El chico era moreno, con el cabello castaño hasta los hombros, los ojos negros y bastante alto; y usaba una playera blanca debajo de un chaleco marrón claro, shorts y botas negras, y un gorro de invierno color beige.

Él miró a un lado y al otro antes de bajarse del yate. Se veía tenso, pero sonreía.

—¿Qué hay? —saludó a Charis que estiró una mano para que chocara los cinco con ella.

Él parecía desconfiado, pero al final decidió ceder y chocar las manos se dirigió con el resto. Daryl y Albert se miraron el uno al otro pero ninguno hizo nada para acercarse.

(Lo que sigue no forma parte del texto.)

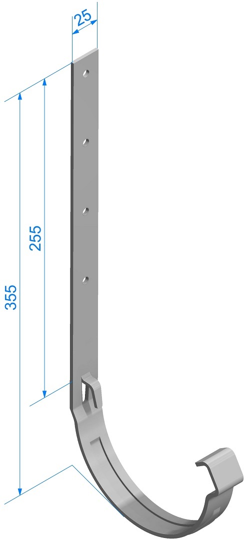 Кронштейн желоба металлический применяется при монтаже водосточной системы на кровлях, не имеющих лобовой доски. Длина опорной части (300 мм) позволяет закрепить кронштейн непосредственно на стропилах или обрешётке, обеспечивая необходимый вынос желоба для эффективного сбора воды.
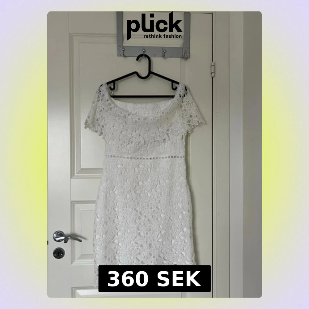 Kort vit klänning med vackert blommigt spetsmönster och offshoulder-design. Klänningen har korta ärmar och en feminin, figurnära passform. Perfekt för sommarens alla tillfällen där du vill känna dig extra fin.
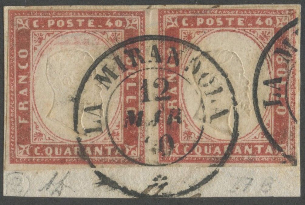 1860 - 40 cent. Rosa n.16Cc in coppia usata con l'annullo a doppio cerchio La Mirandola e conservata su piccolo frammento. Insieme raro. (A) (Alberto Diena, Cert. Cardillo)

—Y el noveno campista en llegar es: ¡Kenny! Hijo de la única e inigualable, reina del caos, Heather.

Se empezó a escuchar una música de suspenso mientras la cámara iba mostrando de abajo hacia arriba un chico con zapatillas rojas, shorts verdes y camisa roja debajo de un suéter negro, lo que permitió mostrar que era un chico bastante bajito y rechoncho. Finalmente se detuvo en su rostro lo que mostró que tenía los ojos negros enmarcados por unas gafas de marco negro, el cabello rubio y corto debajo de un gorro verde y una gran sonrisa.

—Buenos días a todos —saludó.

—¿Ese es el hijo de Heather? —preguntó Albert enarcando una ceja y cruzándose de brazos.

—Me recuerda mucho a otra persona que he visto en el programa, pero no recuerdo a quien —comentó Renoley.

—Hola.

Kenny, que había permanecido en el inicio del muelle, saltó cuando una presencia oscura se paró a su espalda. Era una chica que era un vivo reflejo de Gwen cuando era adolescente, solo que con los ojos verdes y una nariz que recordaba a la de Trent. Tenía algunos rayos de su cabello teñidos de rojo, pero todo lo demás de su atuendo era negro: ombliguera, pantalones vaqueros y chaqueta de cuero. Un collar con una luna creciente colgaba de su cuello.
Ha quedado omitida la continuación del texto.